'''

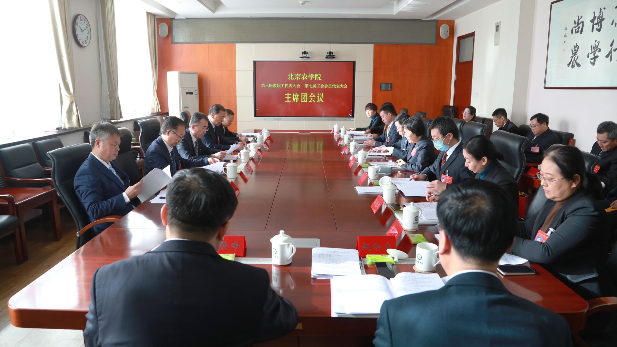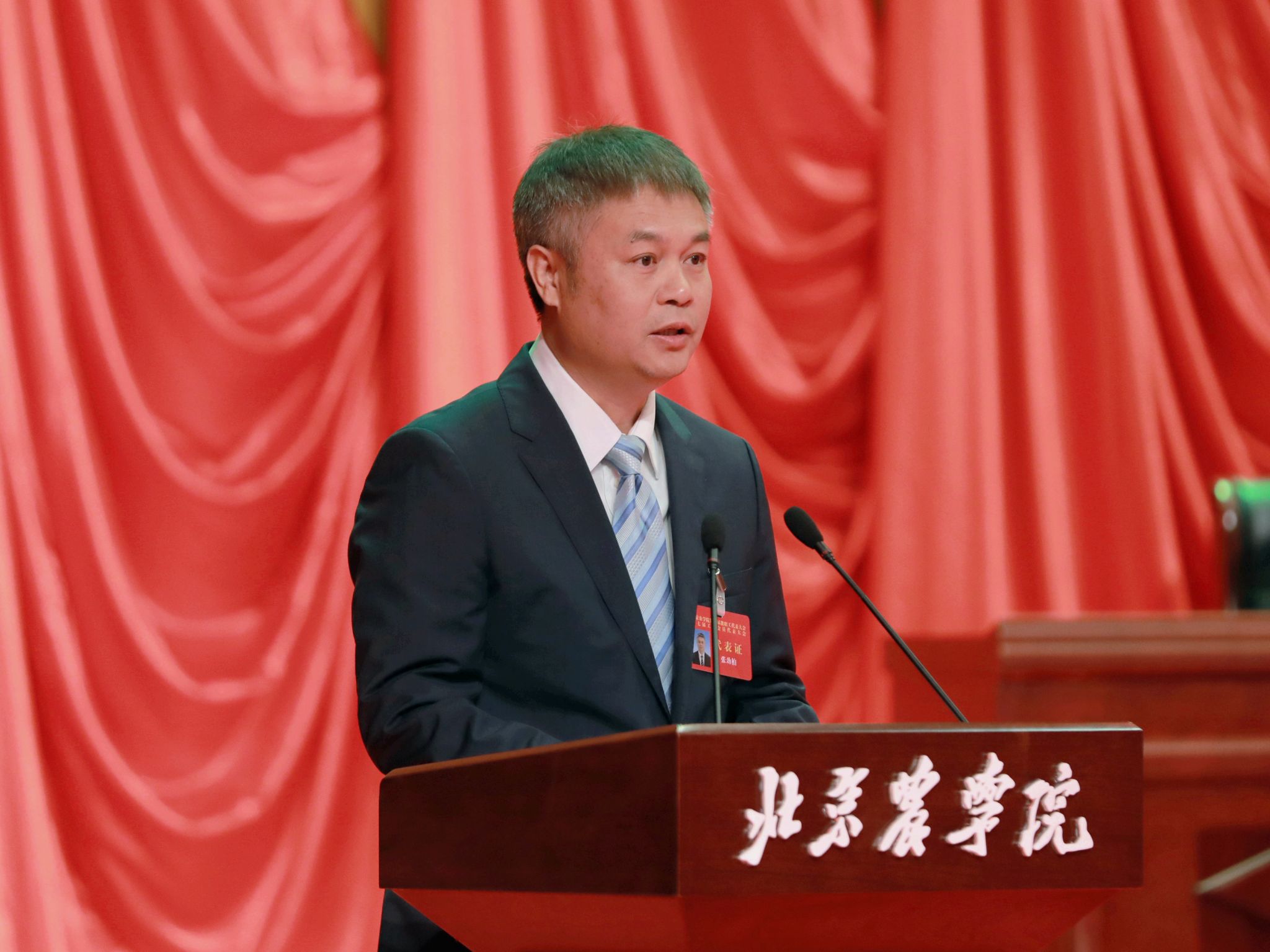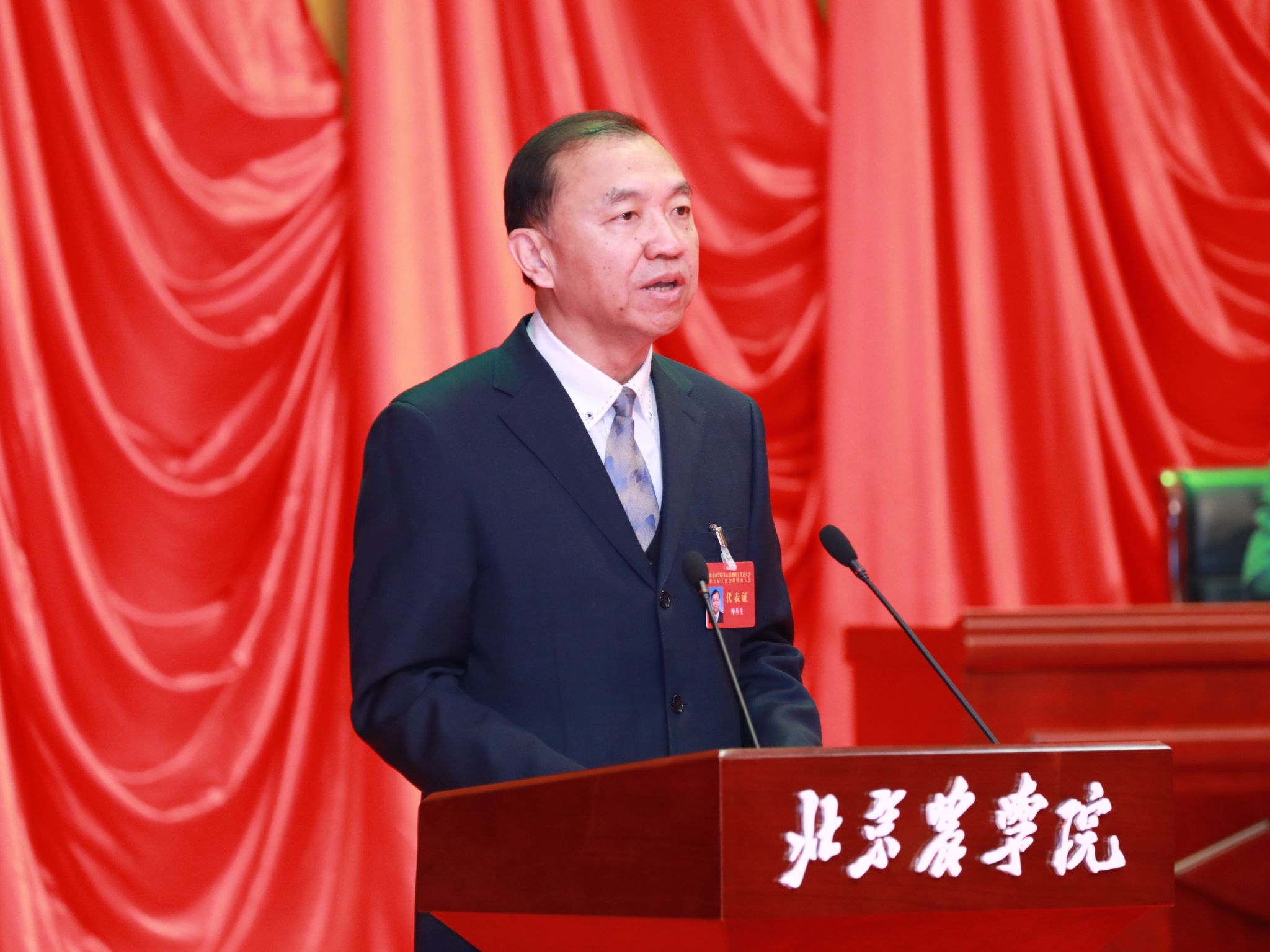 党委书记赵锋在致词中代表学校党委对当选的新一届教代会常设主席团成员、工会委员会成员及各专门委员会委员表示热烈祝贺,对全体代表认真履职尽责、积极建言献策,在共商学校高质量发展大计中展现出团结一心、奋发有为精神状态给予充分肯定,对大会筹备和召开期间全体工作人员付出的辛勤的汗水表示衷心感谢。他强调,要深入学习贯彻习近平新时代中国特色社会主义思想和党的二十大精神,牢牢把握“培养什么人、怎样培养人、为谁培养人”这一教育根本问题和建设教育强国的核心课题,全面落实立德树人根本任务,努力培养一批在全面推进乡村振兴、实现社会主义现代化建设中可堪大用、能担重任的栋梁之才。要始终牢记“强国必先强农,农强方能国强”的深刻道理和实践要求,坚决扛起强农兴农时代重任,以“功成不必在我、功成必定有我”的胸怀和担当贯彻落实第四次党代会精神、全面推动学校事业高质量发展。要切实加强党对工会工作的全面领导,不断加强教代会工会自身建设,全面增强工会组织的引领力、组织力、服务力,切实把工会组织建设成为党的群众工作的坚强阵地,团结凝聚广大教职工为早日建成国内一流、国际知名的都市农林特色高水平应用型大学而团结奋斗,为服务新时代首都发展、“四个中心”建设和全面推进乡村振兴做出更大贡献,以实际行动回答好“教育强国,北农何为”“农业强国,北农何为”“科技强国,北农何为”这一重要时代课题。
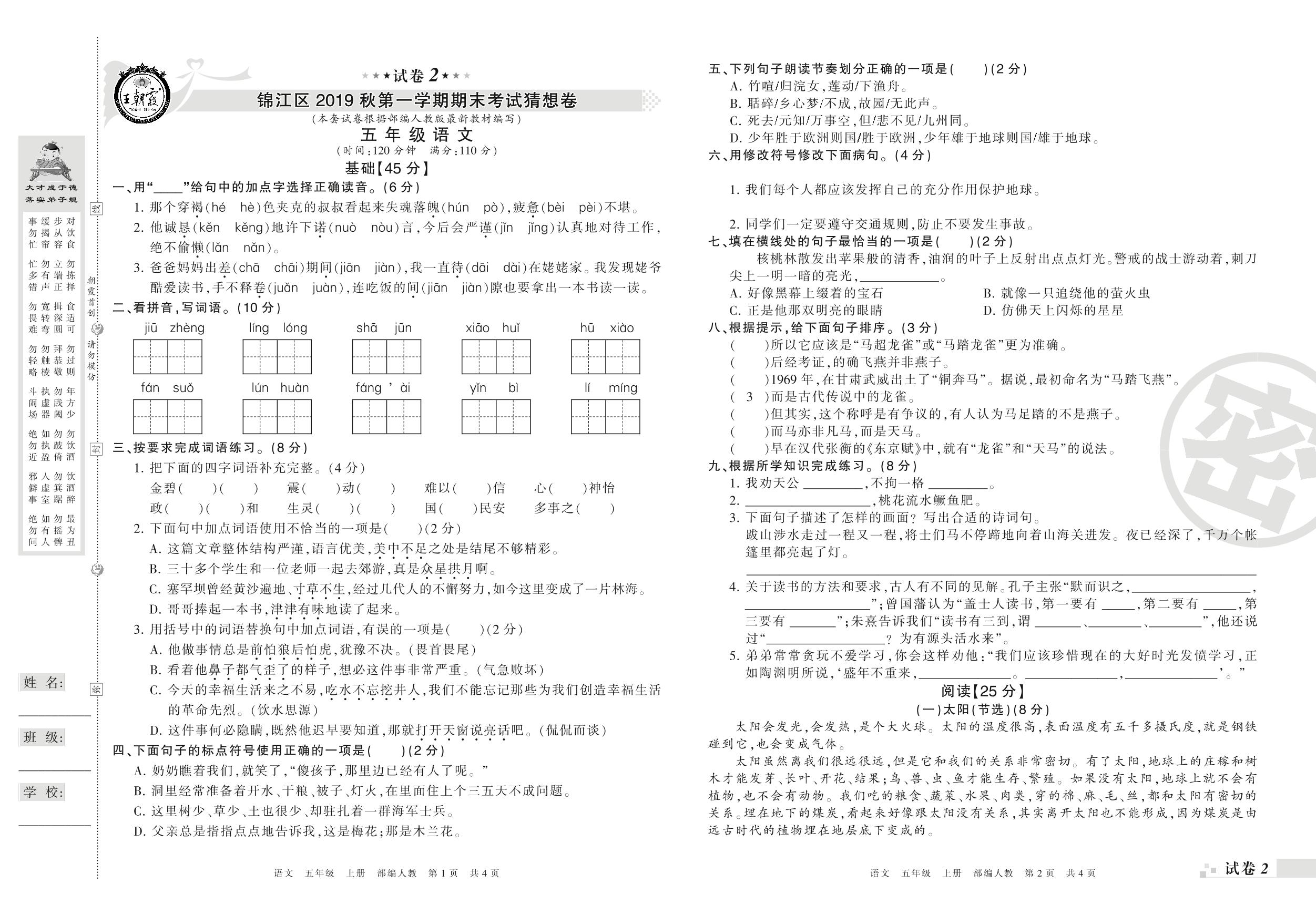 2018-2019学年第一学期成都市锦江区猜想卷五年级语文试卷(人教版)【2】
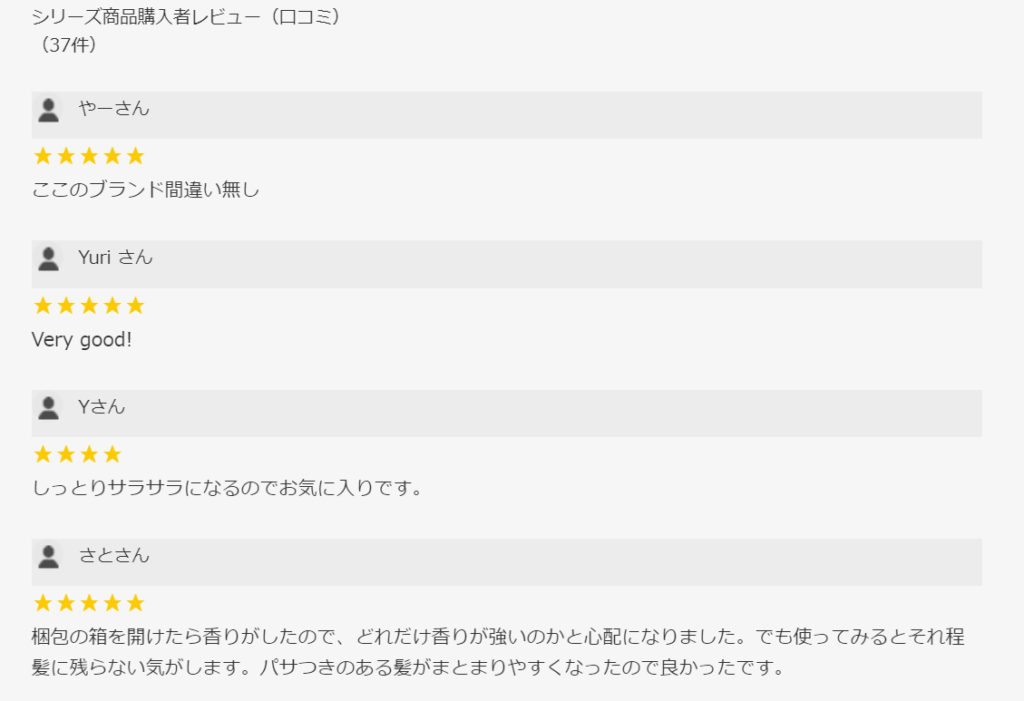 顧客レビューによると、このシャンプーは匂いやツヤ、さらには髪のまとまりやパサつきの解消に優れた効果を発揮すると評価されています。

'''

— What the task requires —
Every line of the material should be repeated precisely; pictures are to be excluded.

— Solution for this problem —
 党委书记赵锋在致词中代表学校党委对当选的新一届教代会常设主席团成员、工会委员会成员及各专门委员会委员表示热烈祝贺,对全体代表认真履职尽责、积极建言献策,在共商学校高质量发展大计中展现出团结一心、奋发有为精神状态给予充分肯定,对大会筹备和召开期间全体工作人员付出的辛勤的汗水表示衷心感谢。他强调,要深入学习贯彻习近平新时代中国特色社会主义思想和党的二十大精神,牢牢把握“培养什么人、怎样培养人、为谁培养人”这一教育根本问题和建设教育强国的核心课题,全面落实立德树人根本任务,努力培养一批在全面推进乡村振兴、实现社会主义现代化建设中可堪大用、能担重任的栋梁之才。要始终牢记“强国必先强农,农强方能国强”的深刻道理和实践要求,坚决扛起强农兴农时代重任,以“功成不必在我、功成必定有我”的胸怀和担当贯彻落实第四次党代会精神、全面推动学校事业高质量发展。要切实加强党对工会工作的全面领导,不断加强教代会工会自身建设,全面增强工会组织的引领力、组织力、服务力,切实把工会组织建设成为党的群众工作的坚强阵地,团结凝聚广大教职工为早日建成国内一流、国际知名的都市农林特色高水平应用型大学而团结奋斗,为服务新时代首都发展、“四个中心”建设和全面推进乡村振兴做出更大贡献,以实际行动回答好“教育强国,北农何为”“农业强国,北农何为”“科技强国,北农何为”这一重要时代课题。
 2018-2019学年第一学期成都市锦江区猜想卷五年级语文试卷(人教版)【2】
 顧客レビューによると、このシャンプーは匂いやツヤ、さらには髪のまとまりやパサつきの解消に優れた効果を発揮すると評価されています。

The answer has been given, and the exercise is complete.